## [What needs to be done]
Pictures aside, repeat the whole listing word for word.

## [Records for this task]
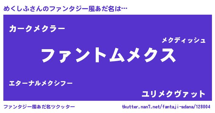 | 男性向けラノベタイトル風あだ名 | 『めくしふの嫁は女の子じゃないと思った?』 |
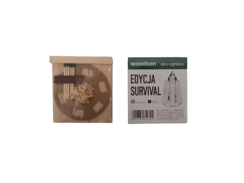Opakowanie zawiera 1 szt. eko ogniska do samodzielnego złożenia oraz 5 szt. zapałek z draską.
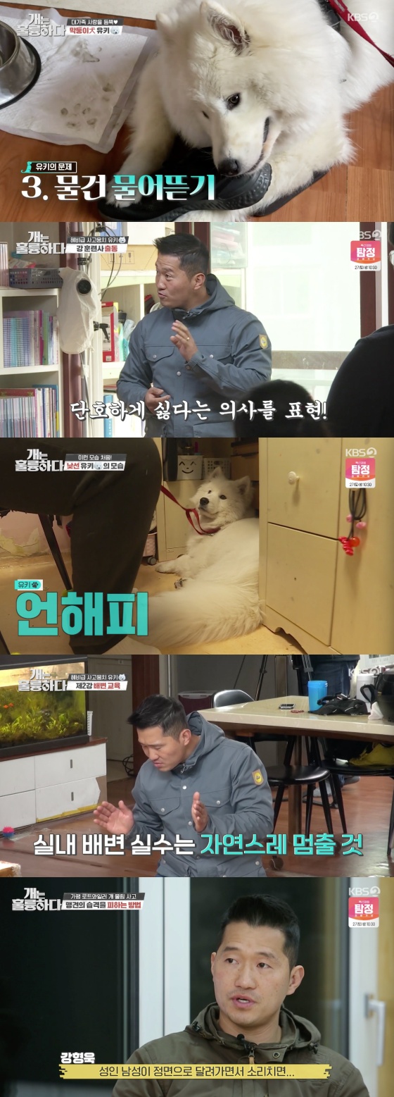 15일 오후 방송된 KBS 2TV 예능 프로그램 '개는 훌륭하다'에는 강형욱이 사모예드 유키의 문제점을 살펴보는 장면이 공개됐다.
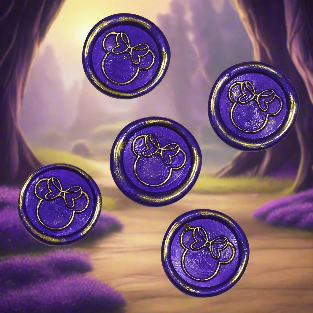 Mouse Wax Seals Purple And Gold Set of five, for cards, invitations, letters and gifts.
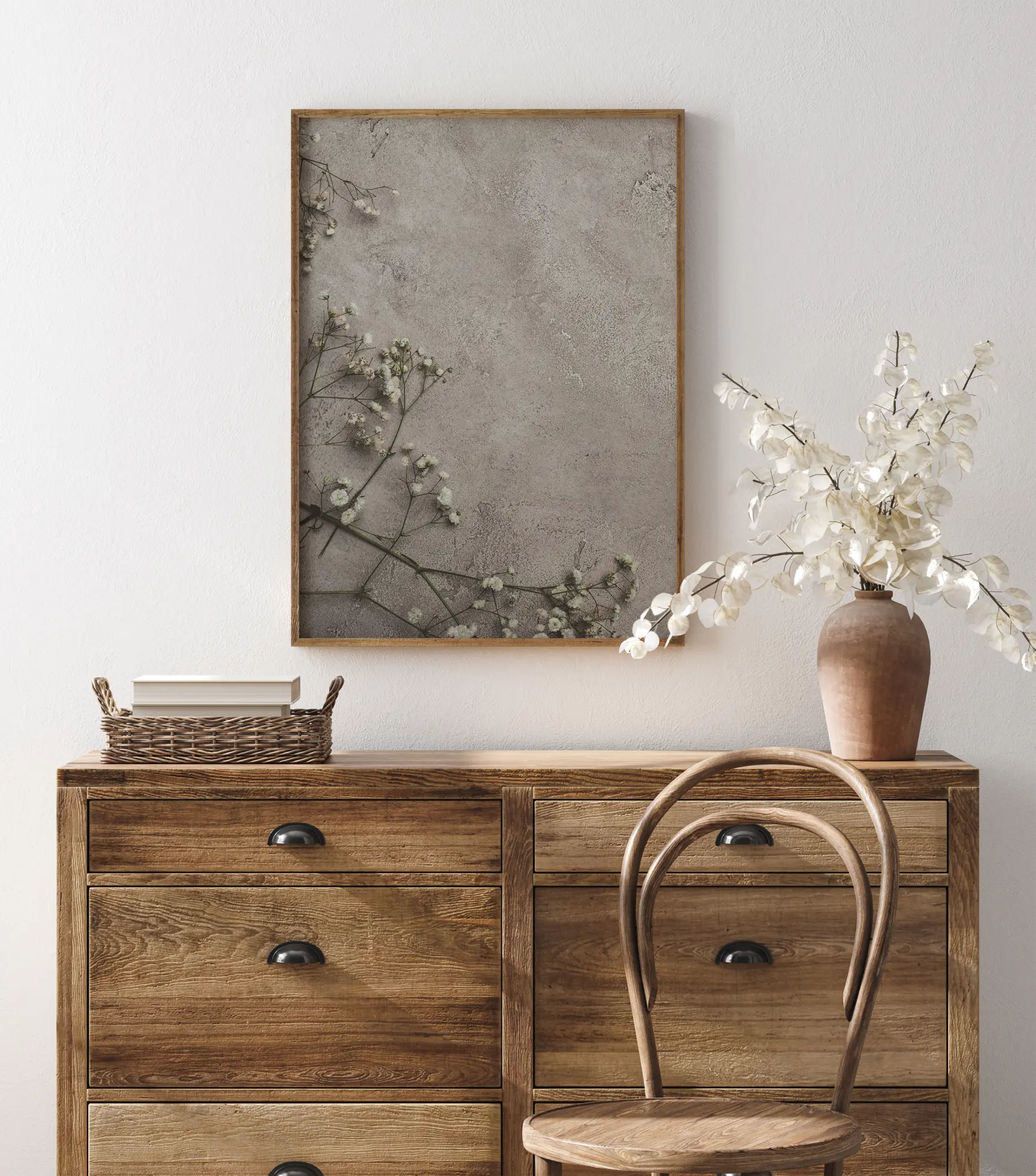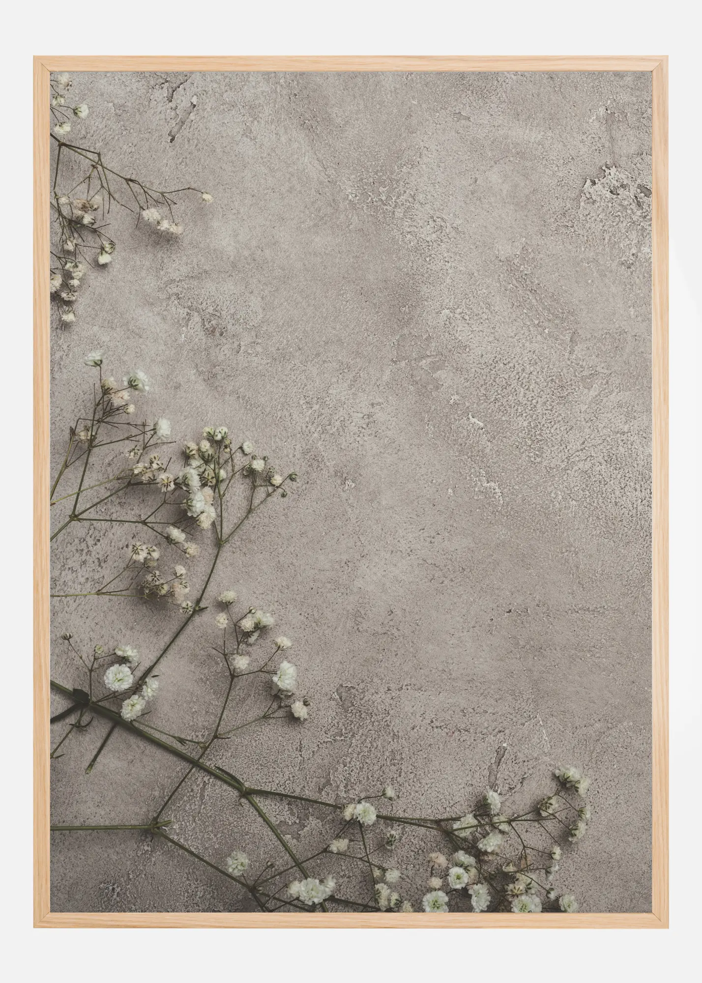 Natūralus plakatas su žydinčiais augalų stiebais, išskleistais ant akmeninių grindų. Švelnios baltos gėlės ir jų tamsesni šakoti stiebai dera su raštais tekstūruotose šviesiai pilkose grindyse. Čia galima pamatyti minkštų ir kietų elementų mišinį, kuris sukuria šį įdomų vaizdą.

## [Reply]
 | 男性向けラノベタイトル風あだ名 | 『めくしふの嫁は女の子じゃないと思った?』 |
Opakowanie zawiera 1 szt. eko ogniska do samodzielnego złożenia oraz 5 szt. zapałek z draską.
 15일 오후 방송된 KBS 2TV 예능 프로그램 '개는 훌륭하다'에는 강형욱이 사모예드 유키의 문제점을 살펴보는 장면이 공개됐다.
 Mouse Wax Seals Purple And Gold Set of five, for cards, invitations, letters and gifts.
 Natūralus plakatas su žydinčiais augalų stiebais, išskleistais ant akmeninių grindų. Švelnios baltos gėlės ir jų tamsesni šakoti stiebai dera su raštais tekstūruotose šviesiai pilkose grindyse. Čia galima pamatyti minkštų ir kietų elementų mišinį, kuris sukuria šį įdomų vaizdą.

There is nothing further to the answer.